§ The task:
Working from the top of the listing below, retype each line through the line containing "Генеральный прокурор Украины", both included, with no pictures.

========================================================================

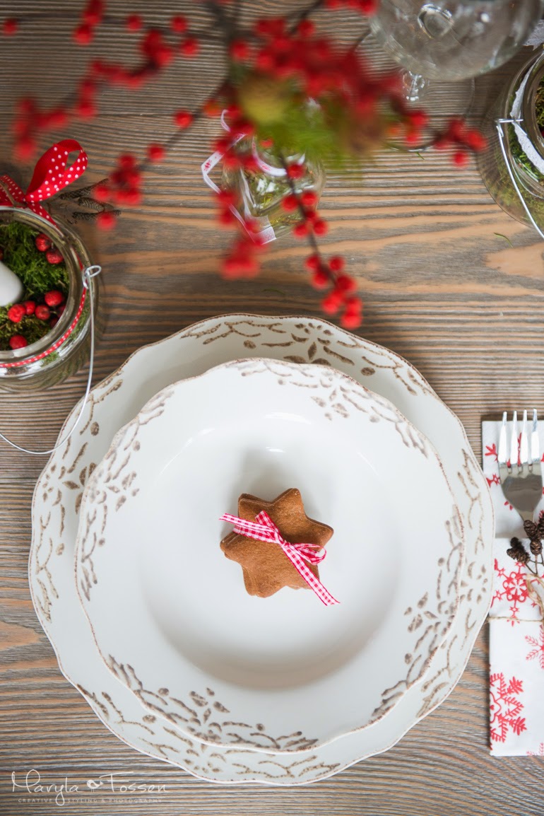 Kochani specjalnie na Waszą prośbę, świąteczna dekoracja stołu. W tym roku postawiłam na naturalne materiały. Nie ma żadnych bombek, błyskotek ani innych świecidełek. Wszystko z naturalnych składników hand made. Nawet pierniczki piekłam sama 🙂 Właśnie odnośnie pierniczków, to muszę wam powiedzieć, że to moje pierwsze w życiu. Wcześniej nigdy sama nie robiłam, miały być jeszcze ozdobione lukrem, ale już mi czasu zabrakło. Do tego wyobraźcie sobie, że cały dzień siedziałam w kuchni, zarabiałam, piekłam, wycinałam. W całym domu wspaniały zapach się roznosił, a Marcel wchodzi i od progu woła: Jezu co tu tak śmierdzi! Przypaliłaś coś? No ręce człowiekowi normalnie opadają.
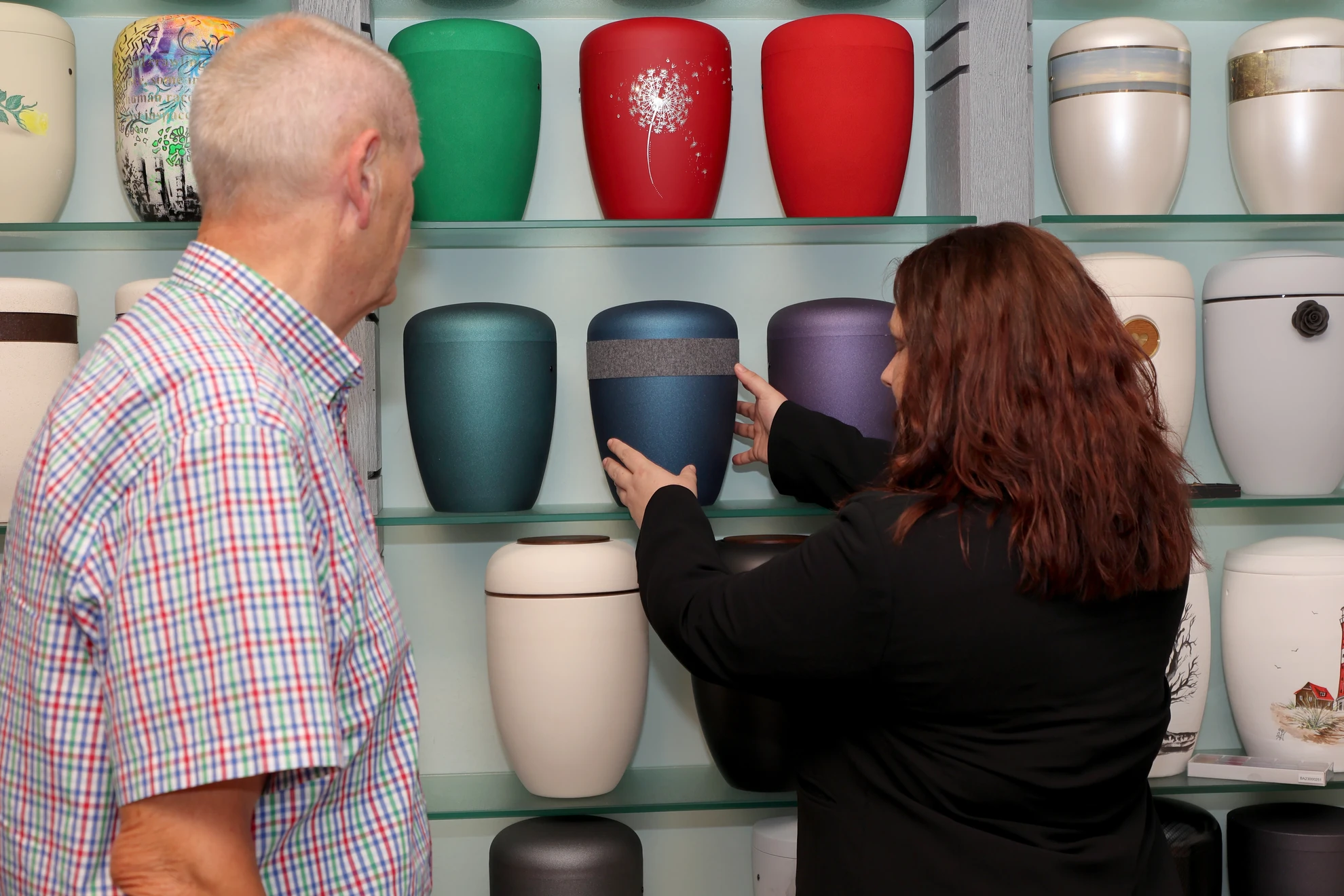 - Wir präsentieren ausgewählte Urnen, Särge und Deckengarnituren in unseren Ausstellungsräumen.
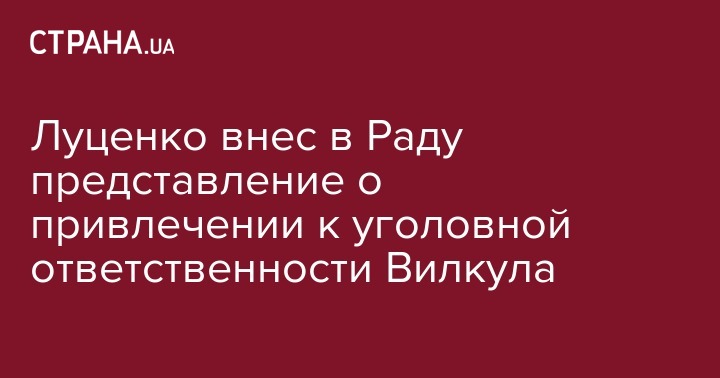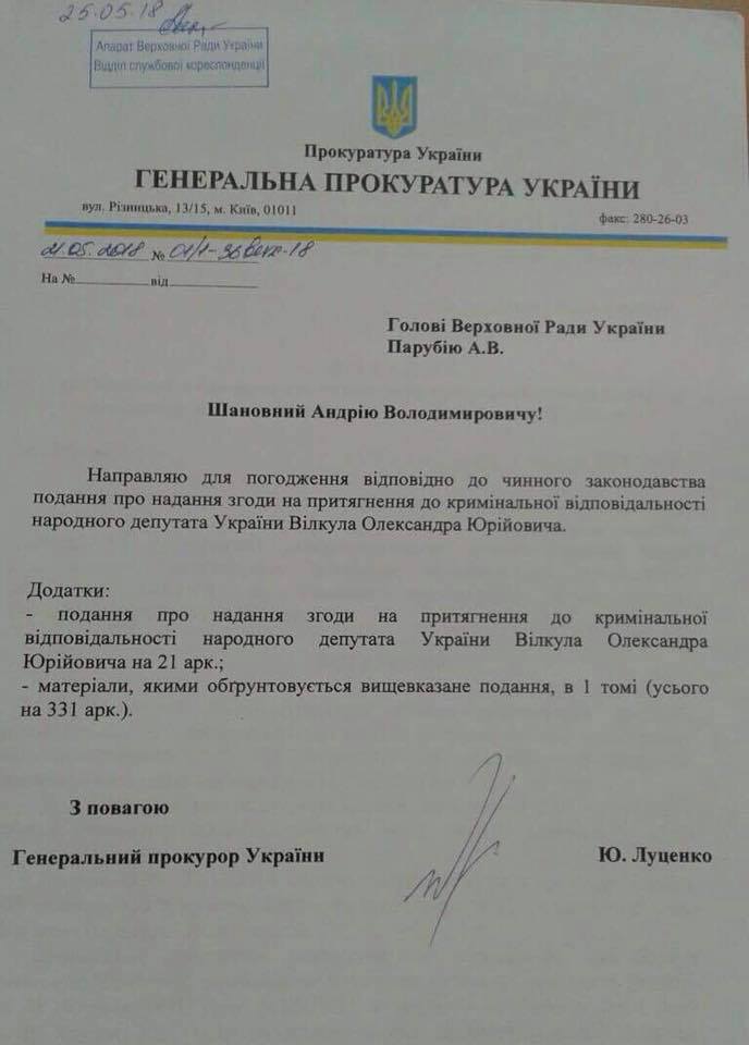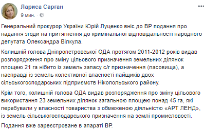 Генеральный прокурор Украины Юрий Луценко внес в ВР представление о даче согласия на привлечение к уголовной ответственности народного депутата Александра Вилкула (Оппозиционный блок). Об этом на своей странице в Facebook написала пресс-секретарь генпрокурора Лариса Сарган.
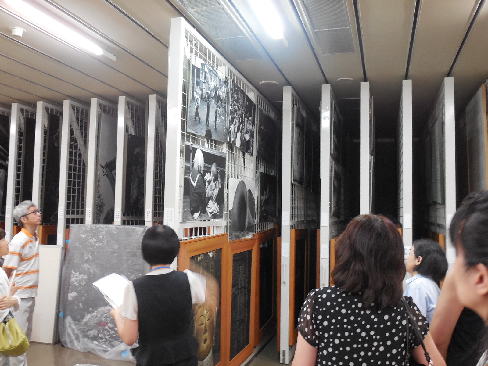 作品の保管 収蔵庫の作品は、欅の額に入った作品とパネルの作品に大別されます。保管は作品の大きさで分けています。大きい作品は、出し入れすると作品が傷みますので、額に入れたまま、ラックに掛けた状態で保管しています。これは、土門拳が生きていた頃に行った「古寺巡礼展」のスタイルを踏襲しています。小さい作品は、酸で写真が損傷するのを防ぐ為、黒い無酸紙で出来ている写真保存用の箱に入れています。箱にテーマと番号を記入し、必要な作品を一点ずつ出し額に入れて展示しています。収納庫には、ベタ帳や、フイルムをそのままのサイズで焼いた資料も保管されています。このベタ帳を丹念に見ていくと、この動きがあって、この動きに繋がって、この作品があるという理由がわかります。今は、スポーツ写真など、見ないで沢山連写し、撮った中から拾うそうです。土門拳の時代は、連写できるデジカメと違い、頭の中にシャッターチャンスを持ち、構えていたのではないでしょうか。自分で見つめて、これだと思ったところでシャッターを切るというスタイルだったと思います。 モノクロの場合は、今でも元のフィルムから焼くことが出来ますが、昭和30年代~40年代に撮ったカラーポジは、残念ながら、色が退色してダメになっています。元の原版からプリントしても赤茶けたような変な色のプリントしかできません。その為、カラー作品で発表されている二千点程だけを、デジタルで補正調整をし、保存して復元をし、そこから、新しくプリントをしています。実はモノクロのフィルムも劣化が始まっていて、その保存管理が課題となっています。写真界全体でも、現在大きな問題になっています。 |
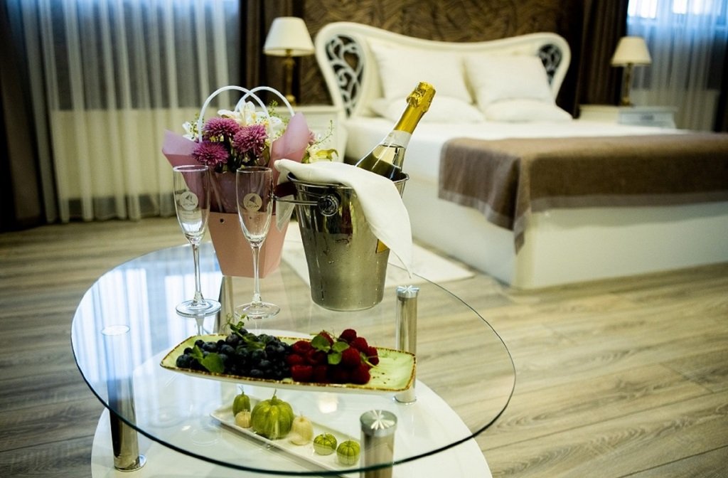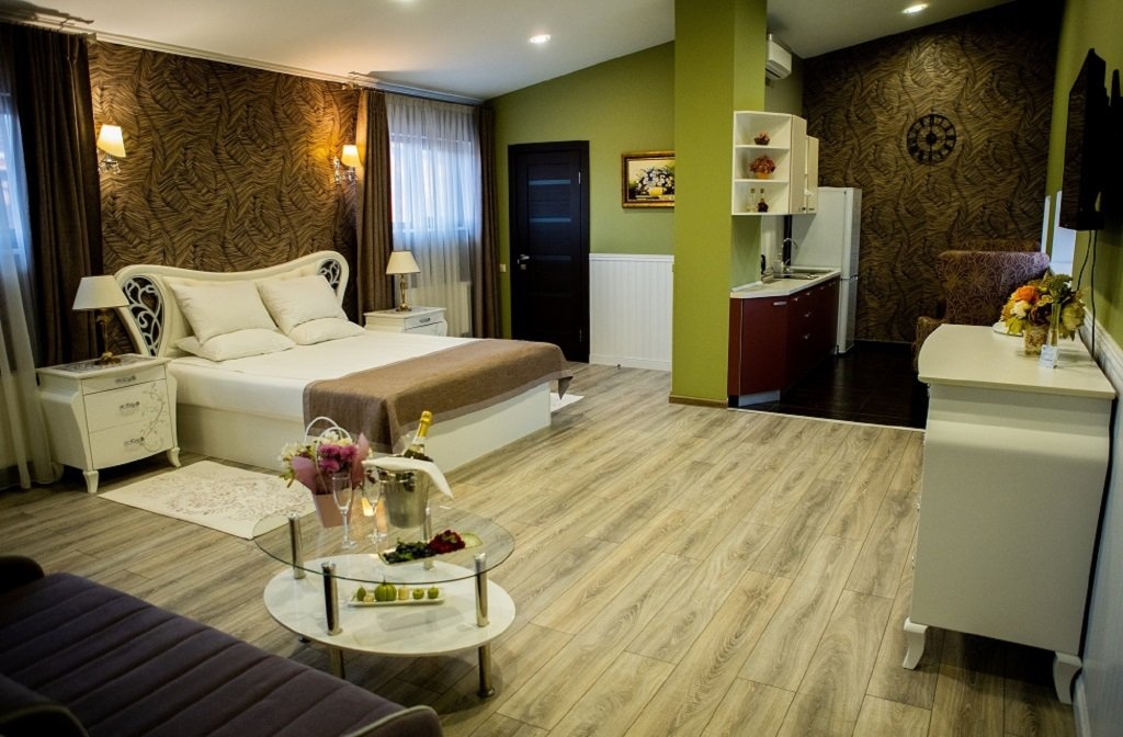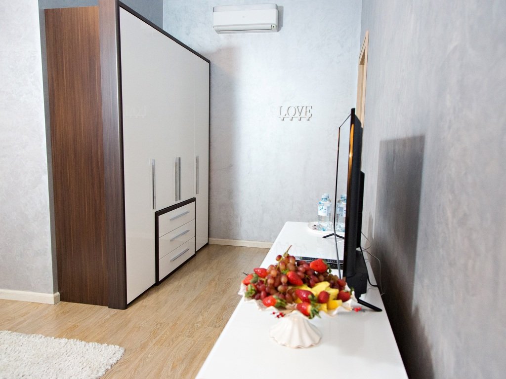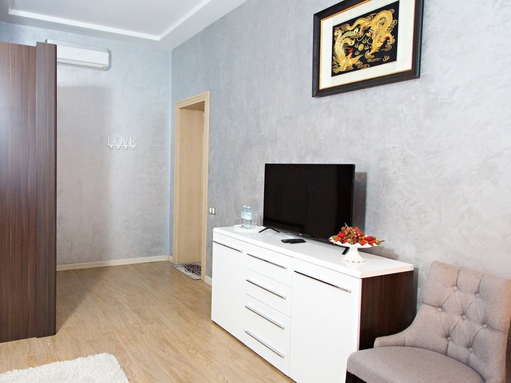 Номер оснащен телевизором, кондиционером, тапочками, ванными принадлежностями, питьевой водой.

========================================================================

§ Worked solution:
 Kochani specjalnie na Waszą prośbę, świąteczna dekoracja stołu. W tym roku postawiłam na naturalne materiały. Nie ma żadnych bombek, błyskotek ani innych świecidełek. Wszystko z naturalnych składników hand made. Nawet pierniczki piekłam sama 🙂 Właśnie odnośnie pierniczków, to muszę wam powiedzieć, że to moje pierwsze w życiu. Wcześniej nigdy sama nie robiłam, miały być jeszcze ozdobione lukrem, ale już mi czasu zabrakło. Do tego wyobraźcie sobie, że cały dzień siedziałam w kuchni, zarabiałam, piekłam, wycinałam. W całym domu wspaniały zapach się roznosił, a Marcel wchodzi i od progu woła: Jezu co tu tak śmierdzi! Przypaliłaś coś? No ręce człowiekowi normalnie opadają.
 - Wir präsentieren ausgewählte Urnen, Särge und Deckengarnituren in unseren Ausstellungsräumen.
 Генеральный прокурор Украины Юрий Луценко внес в ВР представление о даче согласия на привлечение к уголовной ответственности народного депутата Александра Вилкула (Оппозиционный блок). Об этом на своей странице в Facebook написала пресс-секретарь генпрокурора Лариса Сарган.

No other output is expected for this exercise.